▶ _Information shown_:
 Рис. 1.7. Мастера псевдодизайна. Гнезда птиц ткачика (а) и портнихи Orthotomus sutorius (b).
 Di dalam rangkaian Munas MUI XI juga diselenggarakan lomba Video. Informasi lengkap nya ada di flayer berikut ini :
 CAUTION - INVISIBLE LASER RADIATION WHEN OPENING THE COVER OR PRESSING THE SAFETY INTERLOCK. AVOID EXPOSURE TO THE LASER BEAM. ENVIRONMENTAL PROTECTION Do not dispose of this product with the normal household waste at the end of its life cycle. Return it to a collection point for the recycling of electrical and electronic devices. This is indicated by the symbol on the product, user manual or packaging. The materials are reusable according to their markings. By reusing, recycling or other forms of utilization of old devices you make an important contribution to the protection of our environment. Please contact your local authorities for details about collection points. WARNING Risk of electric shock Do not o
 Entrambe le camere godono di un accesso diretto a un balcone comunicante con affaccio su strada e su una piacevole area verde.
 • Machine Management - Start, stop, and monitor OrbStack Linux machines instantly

...

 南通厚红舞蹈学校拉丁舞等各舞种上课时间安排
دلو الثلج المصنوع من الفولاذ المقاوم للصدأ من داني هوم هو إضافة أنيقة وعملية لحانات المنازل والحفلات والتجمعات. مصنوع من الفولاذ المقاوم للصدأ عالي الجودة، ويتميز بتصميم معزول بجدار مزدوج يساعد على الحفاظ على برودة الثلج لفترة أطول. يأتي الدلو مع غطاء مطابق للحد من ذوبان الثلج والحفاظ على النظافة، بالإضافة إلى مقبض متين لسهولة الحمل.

▶ _Work item_: Retype, exactly and in full, the lines above from the one containing "Рис. 1.7. Мастера" through the one containing "Di dalam rangkaian".

▶ _Exercise response_:
 Рис. 1.7. Мастера псевдодизайна. Гнезда птиц ткачика (а) и портнихи Orthotomus sutorius (b).
 Di dalam rangkaian Munas MUI XI juga diselenggarakan lomba Video. Informasi lengkap nya ada di flayer berikut ini :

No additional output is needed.